Researchers Set a New Data Transfer Record: 1.125 Tb/Second

It bodes well for data transfer between cities and the digital economy.
February 11, 2016, 10:15am
High-speed transmitter. Image: Optical Networks Group, UCL

Buzzwords like Big Data and the Internet of Things constantly hit the mainstream. But in order to cope with the world's increasing demand for interconnectivity and info, we need a better telecommunications systems.

Enter researchers from the University College of London's (UCL) Optical Networks Group who've just gone and smashed the fastest data rate record by achieving a whopping rate of 1.125 Tb/second. The data rate is the speed at which data is transferred within a computer or between another device and the computer. It is measured in bits per second.

To give a comparison point: Current top-notch commercial optical transmission systems can receive single channel data rates of up to 100 gigabits per second. Superfast broadband connections run at 24 megabits per second (Mb/s). The researchers rate would—in theory—allow you to download the entire series of the Game of Thrones in high definition in under one second. Their findings were published Thursday in the journal Scientific Reports.

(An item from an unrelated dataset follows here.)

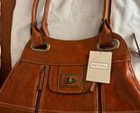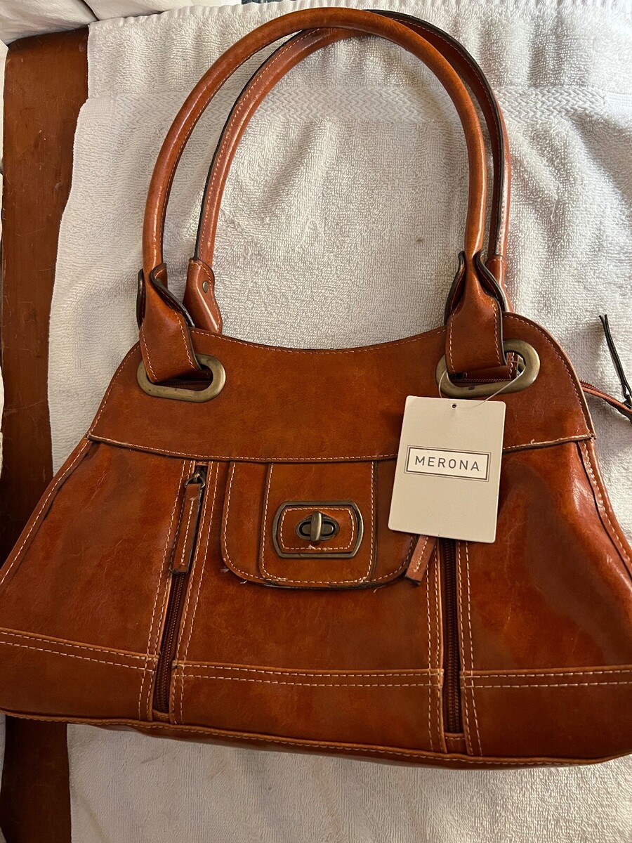 This Merona satchel bag is a stylish addition to any outfit. With a spacious interior and top handle, it's perfect for carrying all your essentials. The exterior is a beautiful brown color with black lining, making it versatile for any occasion. The bag is labeled as a large size and is perfect for women who love to carry a lot with them. It's a great addition to any collection and perfect for any fashion-forward woman.

"The focus of our work is to develop new techniques and subsystems that will push the limits of our optical communications systems," said Robert Maher, study lead author and a senior research associate at UCL's Electronic & Electrical Engineering department, over the phone.

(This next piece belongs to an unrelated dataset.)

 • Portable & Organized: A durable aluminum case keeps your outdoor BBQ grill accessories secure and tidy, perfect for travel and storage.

"It was previously thought that optical fibers could cope with an infinite amount of information, but we're quickly realizing that this isn't the case," he added.

The research group's investigations drew on information theory and digital signal processing to build an optical communications system equipped with 15 transmitting channels and a single super-receiver. The team grouped the channels together in a "super-channel" which researchers think will pave the way toward higher capacity communication systems. This receiver, said Maher, has a very large bandwidth so that it can collect a number of lower speed channels all in one go.

"This is beneficial in a number of different ways: If you grab a lot of little channels in one go, you can use common information across all these to make up for various transmission impairments that arise from lasers, or from the optical fibre itself," explained Maher.

Maher explained that the previous model had been composed of a single transmitter and a single receiver. Grouping together transmitters into a super-channel will make information processing more efficient as it will allow countries, cities, and possibly continents to transfer more data between each other.

Next up, the group will be testing their system and looking at how possible it will be to achieve similar data rates over longer transmission distances.

For the Internet of Things to really take off, it's essential to establish the correct communication infrastructure that can cope with the influx of data generation, said Maher. While the researcher's tech isn't commercial yet, Maher thinks that it won't be long (a couple of years) before super-receivers and super-channels are making sure that data sets get swapped not just between cities, but also over continents.